◆ MATERIAL FOR THE TASK
* * * * * * * * *

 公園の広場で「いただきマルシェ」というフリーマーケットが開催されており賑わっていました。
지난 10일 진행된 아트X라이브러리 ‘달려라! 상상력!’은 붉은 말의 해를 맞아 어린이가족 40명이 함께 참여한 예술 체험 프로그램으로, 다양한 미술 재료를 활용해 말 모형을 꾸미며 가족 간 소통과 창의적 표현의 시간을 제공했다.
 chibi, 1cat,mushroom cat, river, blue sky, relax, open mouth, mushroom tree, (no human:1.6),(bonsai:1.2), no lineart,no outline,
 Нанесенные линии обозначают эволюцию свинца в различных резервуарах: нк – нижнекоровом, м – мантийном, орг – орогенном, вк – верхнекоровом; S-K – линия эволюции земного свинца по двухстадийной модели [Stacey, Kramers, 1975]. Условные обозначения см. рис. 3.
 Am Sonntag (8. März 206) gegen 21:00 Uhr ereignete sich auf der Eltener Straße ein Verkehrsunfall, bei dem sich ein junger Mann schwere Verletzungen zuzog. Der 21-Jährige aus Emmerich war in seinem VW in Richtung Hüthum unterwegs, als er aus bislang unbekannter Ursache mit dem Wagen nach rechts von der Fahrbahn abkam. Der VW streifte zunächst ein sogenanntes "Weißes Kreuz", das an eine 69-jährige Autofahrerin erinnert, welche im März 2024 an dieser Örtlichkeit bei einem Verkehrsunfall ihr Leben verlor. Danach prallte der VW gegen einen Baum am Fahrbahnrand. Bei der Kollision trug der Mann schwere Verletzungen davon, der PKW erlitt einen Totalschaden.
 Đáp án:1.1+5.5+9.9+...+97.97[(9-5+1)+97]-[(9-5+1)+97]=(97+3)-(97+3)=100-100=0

* * * * * * * * *

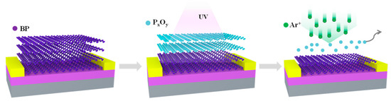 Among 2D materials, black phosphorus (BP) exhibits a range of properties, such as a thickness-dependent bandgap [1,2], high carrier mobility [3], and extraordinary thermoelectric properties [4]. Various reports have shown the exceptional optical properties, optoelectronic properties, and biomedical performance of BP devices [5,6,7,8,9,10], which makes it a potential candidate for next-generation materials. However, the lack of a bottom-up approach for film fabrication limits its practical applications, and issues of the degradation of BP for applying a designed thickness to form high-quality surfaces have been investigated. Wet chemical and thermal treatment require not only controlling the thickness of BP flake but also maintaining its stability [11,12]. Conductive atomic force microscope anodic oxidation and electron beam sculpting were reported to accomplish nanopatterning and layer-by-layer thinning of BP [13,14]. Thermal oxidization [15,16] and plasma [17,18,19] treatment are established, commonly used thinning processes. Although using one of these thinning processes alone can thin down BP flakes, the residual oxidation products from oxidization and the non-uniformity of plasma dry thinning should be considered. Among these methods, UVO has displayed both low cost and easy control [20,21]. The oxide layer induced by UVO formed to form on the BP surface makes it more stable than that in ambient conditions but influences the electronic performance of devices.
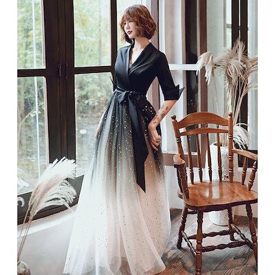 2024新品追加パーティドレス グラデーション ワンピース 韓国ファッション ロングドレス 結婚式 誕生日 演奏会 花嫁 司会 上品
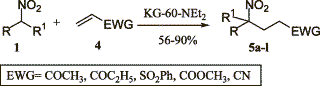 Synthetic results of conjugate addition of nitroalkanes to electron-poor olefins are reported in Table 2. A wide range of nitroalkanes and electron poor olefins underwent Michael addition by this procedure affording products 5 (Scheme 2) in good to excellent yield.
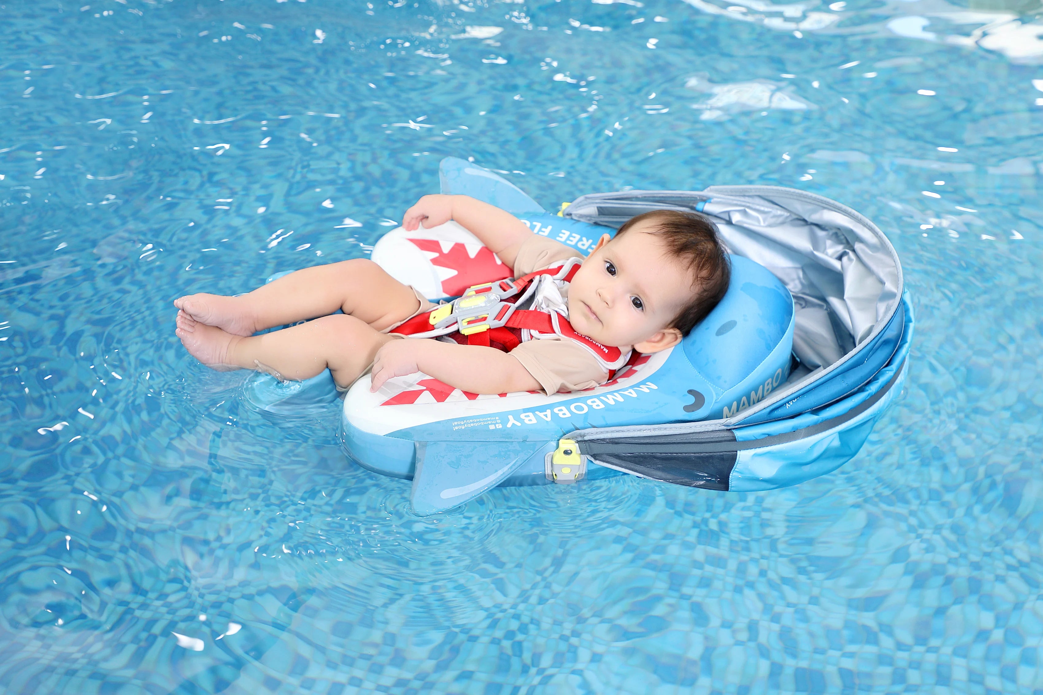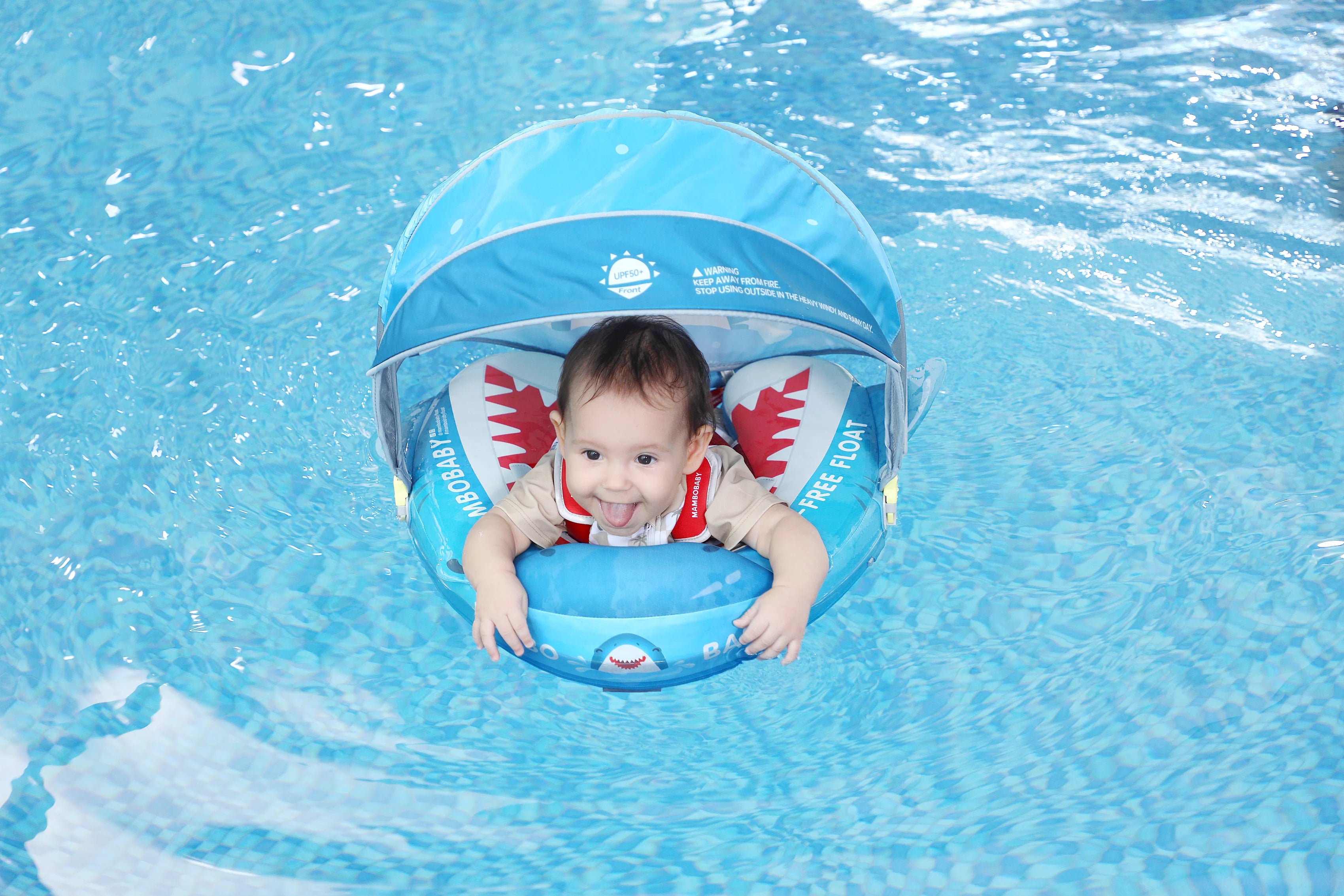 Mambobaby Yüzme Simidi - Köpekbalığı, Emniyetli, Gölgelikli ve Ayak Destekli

* * * * * * * * *

◆ ABOUT THIS EXERCISE
Keep both end lines and retype everything in the records above from the line containing "公園の広場で「いただきマルシ" through the line containing "Đáp án:1.1+5.5", exactly, with nothing else.

◆ YOUR SOLUTION
 公園の広場で「いただきマルシェ」というフリーマーケットが開催されており賑わっていました。
지난 10일 진행된 아트X라이브러리 ‘달려라! 상상력!’은 붉은 말의 해를 맞아 어린이가족 40명이 함께 참여한 예술 체험 프로그램으로, 다양한 미술 재료를 활용해 말 모형을 꾸미며 가족 간 소통과 창의적 표현의 시간을 제공했다.
 chibi, 1cat,mushroom cat, river, blue sky, relax, open mouth, mushroom tree, (no human:1.6),(bonsai:1.2), no lineart,no outline,
 Нанесенные линии обозначают эволюцию свинца в различных резервуарах: нк – нижнекоровом, м – мантийном, орг – орогенном, вк – верхнекоровом; S-K – линия эволюции земного свинца по двухстадийной модели [Stacey, Kramers, 1975]. Условные обозначения см. рис. 3.
 Am Sonntag (8. März 206) gegen 21:00 Uhr ereignete sich auf der Eltener Straße ein Verkehrsunfall, bei dem sich ein junger Mann schwere Verletzungen zuzog. Der 21-Jährige aus Emmerich war in seinem VW in Richtung Hüthum unterwegs, als er aus bislang unbekannter Ursache mit dem Wagen nach rechts von der Fahrbahn abkam. Der VW streifte zunächst ein sogenanntes "Weißes Kreuz", das an eine 69-jährige Autofahrerin erinnert, welche im März 2024 an dieser Örtlichkeit bei einem Verkehrsunfall ihr Leben verlor. Danach prallte der VW gegen einen Baum am Fahrbahnrand. Bei der Kollision trug der Mann schwere Verletzungen davon, der PKW erlitt einen Totalschaden.
 Đáp án:1.1+5.5+9.9+...+97.97[(9-5+1)+97]-[(9-5+1)+97]=(97+3)-(97+3)=100-100=0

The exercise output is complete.